Justiça concede habeas-corpus a suspeito de liderar máfia dos fiscais

SÃO PAULO - A Justiça de São Paulo concedeu nesta terça-feira habeas-corpus do ex-chefe da Unidade de Fiscalização da Subprefeitura da Mooca, Felipe Eivazian, suspeito de integrar a máfia dos fiscais que agia na região do Brás. Ele é apontado pelo Ministério Público Estadual (MPE) como elo entre dois grupos acusados de extorquir ambulantes do Brás.

Redação com Agência Estado |

Felipe foi beneficiado pela decisão do desembargador Roberto Mortari, da 15ª de Direto Criminal do Tribunal de Justiça, que no dia 17 concedeu a liberdade para o advogado Leandro Gianassi Severino Ferreira.

Na terça-feira, a defesa dos irmãos Felipe e Marcelo Eivazian, ex-assessor político da Subprefeitura da Mooca, conseguiu estender os efeitos da liminar também para Felipe.
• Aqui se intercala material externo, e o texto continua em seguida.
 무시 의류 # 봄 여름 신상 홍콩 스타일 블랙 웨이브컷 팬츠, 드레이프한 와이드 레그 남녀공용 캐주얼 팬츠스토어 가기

Marcelo continuará detido.

Agora, dos 11 presos por suspeita de integração na máfia, cinco continuam presos e seis respondem em liberdade.

Denúncia

O Ministério Público Estadual (MPE) de São Paulo ofereceu, nesta terça-feira, à Justiça denúncia contra as 13 pessoas acusadas de integrar a máfia.

O grupo era investigado desde março pelo MPE, segundo informou em nota divulgada à imprensa. Os acusados foram flagrados, por interceptações telefônicas, exigindo dinheiro para permitir a ação de vendedores ambulantes e carrinhos de lanche que não possuem licença da Prefeitura, informou o MPE. Eles foram acusados formalmente de "formação de quadrilha, concussão, concurso material e co-autoria".
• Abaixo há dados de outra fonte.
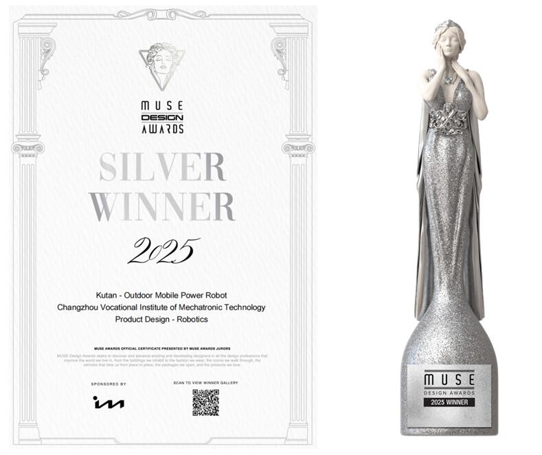 近日,由创意设计学院教师陈龙、康晨指导,我校2022级工业设计专业学生邓子依的作品《Kutan - Outdoor Mobile Power Robot》从全球100多个国家数万件参赛作品中脱颖而出,荣获2025年美国缪斯设计奖(MUSE Design Awards)银奖及美国好设计奖(American Good Design)金奖,在国际设计舞台上展现了我校师生的优秀创意与设计实力,实现了学校在该类奖项上的突破。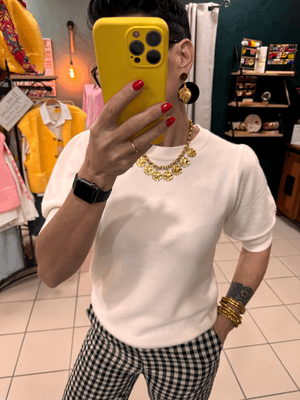 Pull manches courtes blanc, manches ballons (taille grand), forme droite.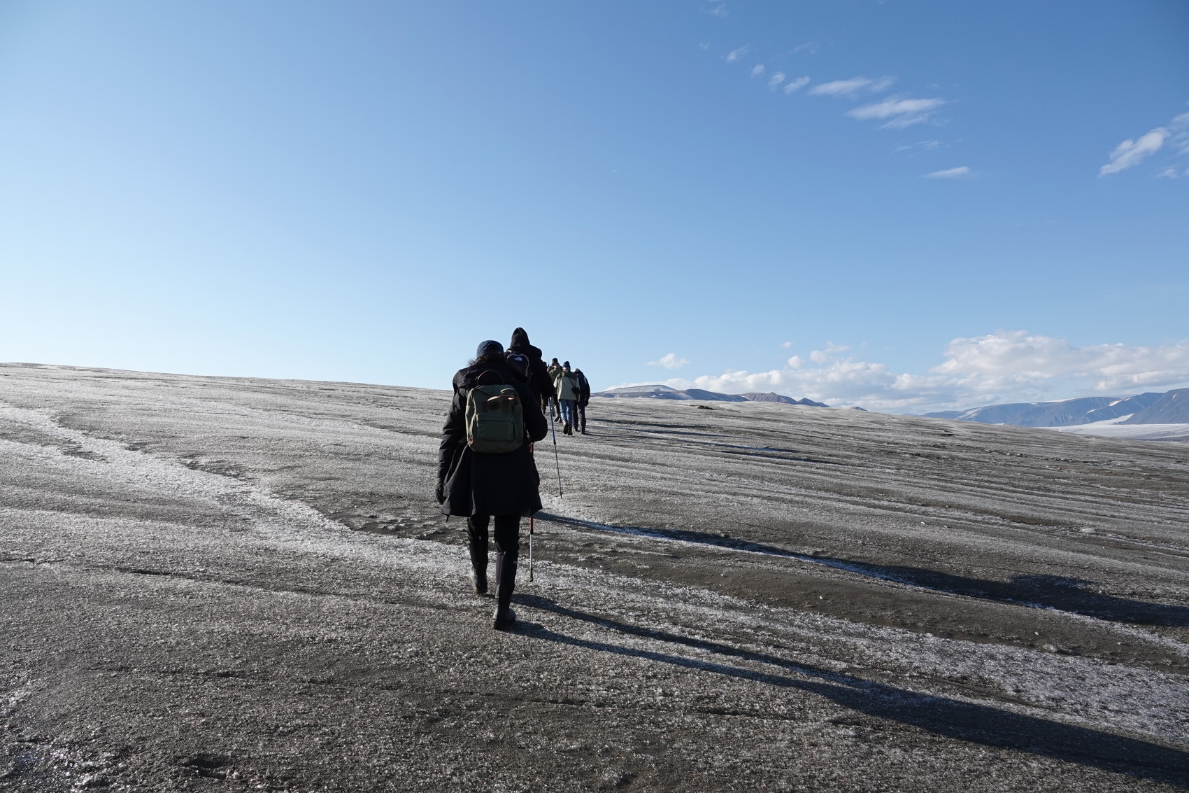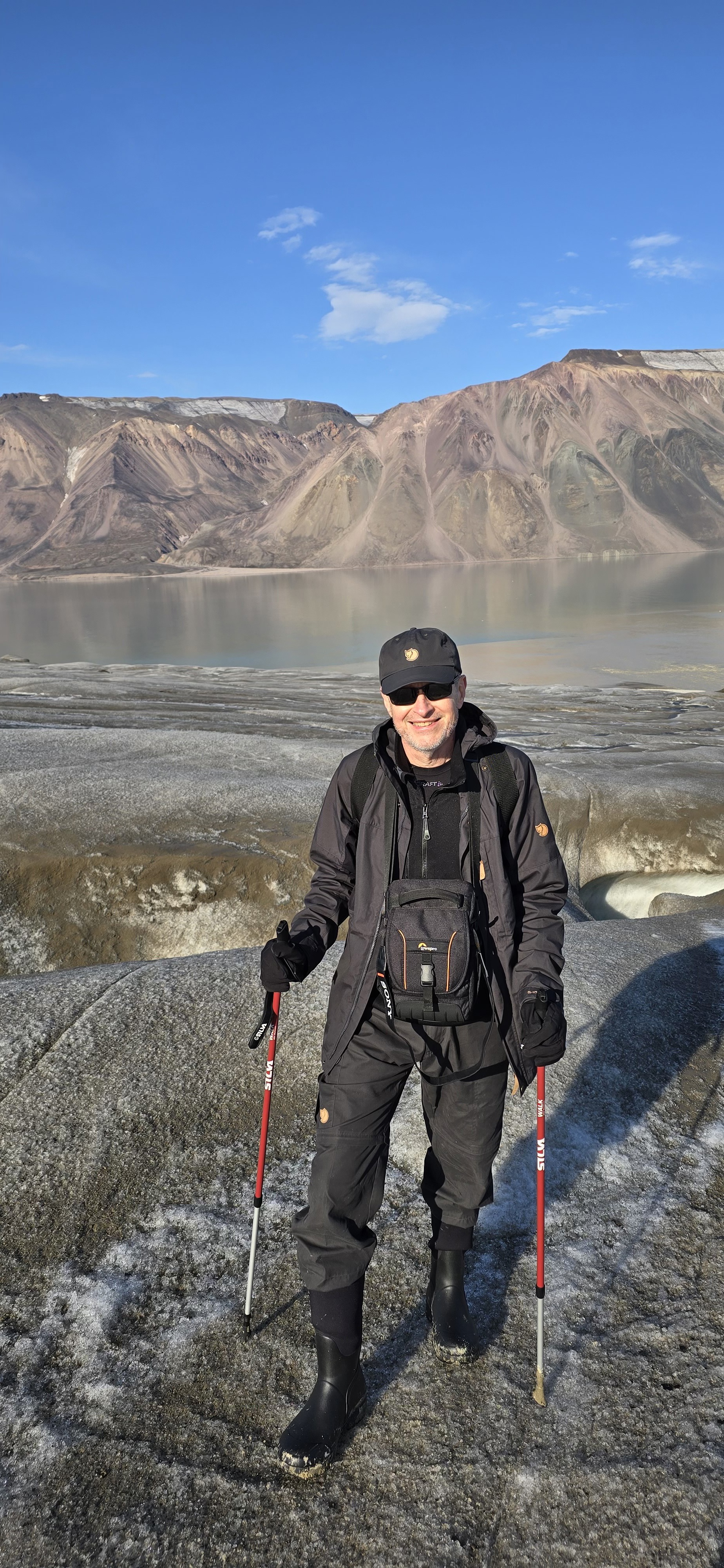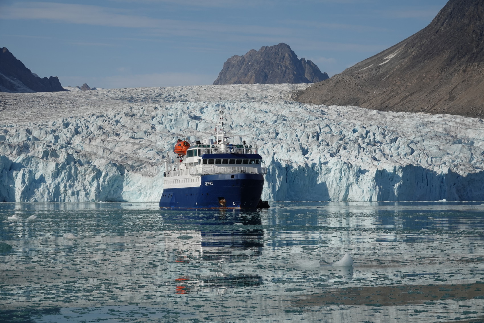 Vädrets makter gjorde det nödvändigt att vara i lä i Hinlopen nästa dag. Våra guider valde att lägga in ett besök i Lomfjorden. Det var morgondis med svag sol när vi seglade in där, det var så vackert. Men sedan tog solen helt över. Vi var ju helt i lä så inne i fjorden var det helt vindstilla och det syntes inte en krusning på vattenytan. En glaciärvandring stod på det nyinsatta programmet här för de som ville och det ville vi! Det var en god idé att använda de vandringsstavar som fanns till låns. Vi gick uppåt på glaciären och fick efterhand en fantastiskt utsikt över fjorden. Quest var bara en liten prick långt borta. Intressant hur den extremt klara luften gör det svårt att bedöma avstånd.

O grupo teria, ainda, conseguido arrecadar, ao longo de 15 meses, R$ 15,9 milhões. No Largo da Concórdia, por exemplo, a quadrilha cobrava semanalmente R$ 1 mil de cada um dos 500 vendedores do local, segundo o MPE. No Brás, o grupo arrecadava entre R$ 10 e R$ 20 por semana de cada um dos mais de 7 mil vendedores ambulantes da área.
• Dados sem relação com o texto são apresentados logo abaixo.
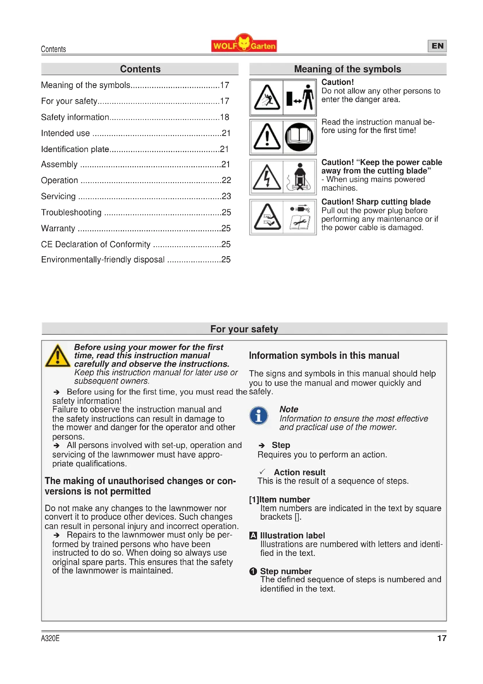 Download the instructions for your Lawn mower in PDF format for free! Find your manual A 320 E - Wolf Garten and take your electronic device back in hand. On this page are published all the documents necessary for the use of your device. A 320 E by Wolf Garten.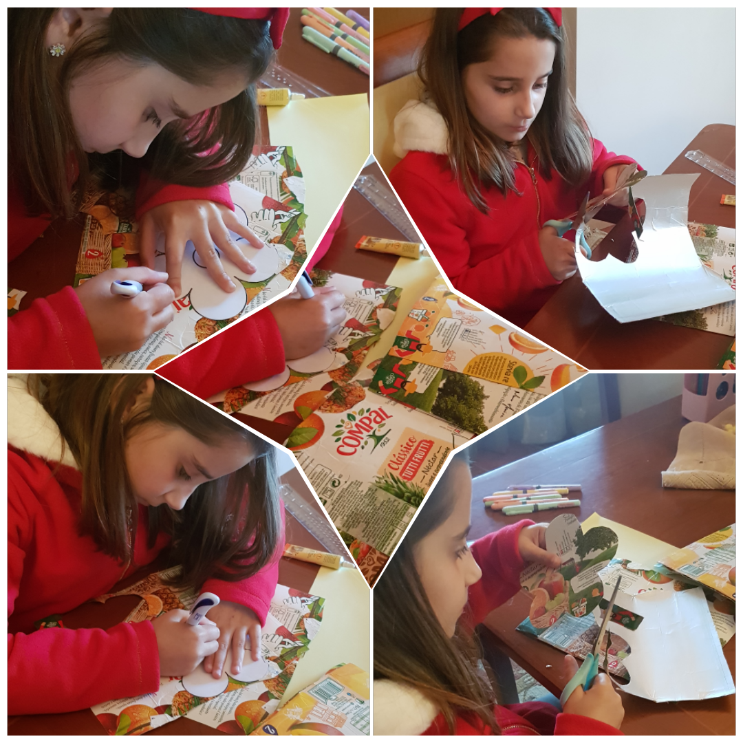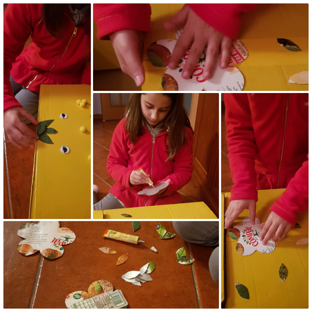 Com muita imaginação e vontade de criar um ecoponto divertido, a Beatriz deitou mãos à obra e em casa, com a ajuda da família, criou o seu ecoponto amarelo, usando embalagens TetraPak (da Compal e outras), tintas, cola...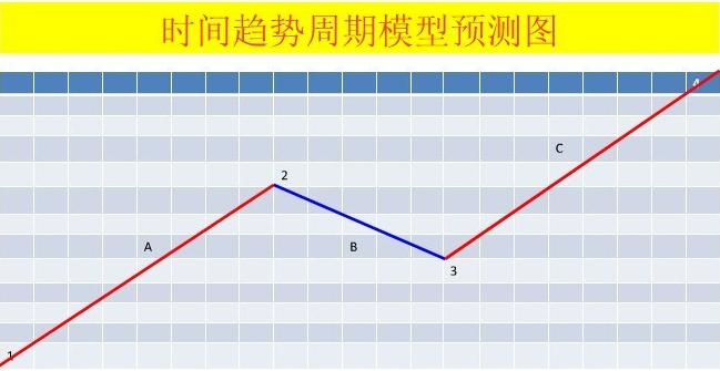 根据已知趋势周期预测未来同向或反向趋势终点:已知趋势A始于点1止于点2运行8个时间周期,则趋势B将运行8 0.618 5个时间周期;B 1.618 C运行的8个时间周期。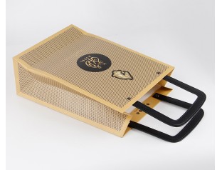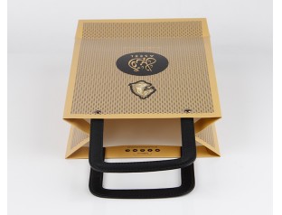 此款紙袋制作采用特種紙,商標(biāo)燙金,加上PU皮手提繩。手提袋設(shè)計(jì)的手提處選用了黑色PU皮,高檔紙袋手提繩打雞眼,提高了手提紙袋的承受力。廣州駿業(yè)紙袋廠家,專業(yè)16年印刷包裝行業(yè),免費(fèi)設(shè)計(jì),量身定制,想了解更多手提紙袋,歡迎致電:020-66677799

Foram denunciados os fiscais Edson Alves Mosquera, Ronaldo Correa da Silva e Nilson Alves de Abreu; os camelôs Ademir Batista, Juvemar Pinto dos Santos, Maria Ivanilde Lima da Silva, Manoel Severino Bezerra de Melo, Hugo de Santana Andrade, João Jorge Cunha e Liziomar Rodrigues de Souza; o advogado Leandro Giannasi Severino Ferreira, Georges Marcelo Eivazian; o assessor lotado na Subprefeitura da Mooca, e o irmão dele, Felipe Eivazian, chefe da Fiscalização daquela subprefeitura. Mosquera é considerado o líder do grupo.

Nova máfia dos fiscais

Há dez anos, com a ajuda de camelôs, o Ministério Público de São Paulo conseguiu desmontar o maior esquema de corrupção já visto na capital. Na época, foi descoberto que vereadores indicavam subprefeitos, que atuavam com fiscais que exigiam o pagamento de propina. Várias prisões foram denunciadas e 600 pessoas foram denunciadas.

O esquema ocorreu inicialmente na administração Celso Pitta - que foi preso na operação Satiagraha, da PF - de 1993 a 1998.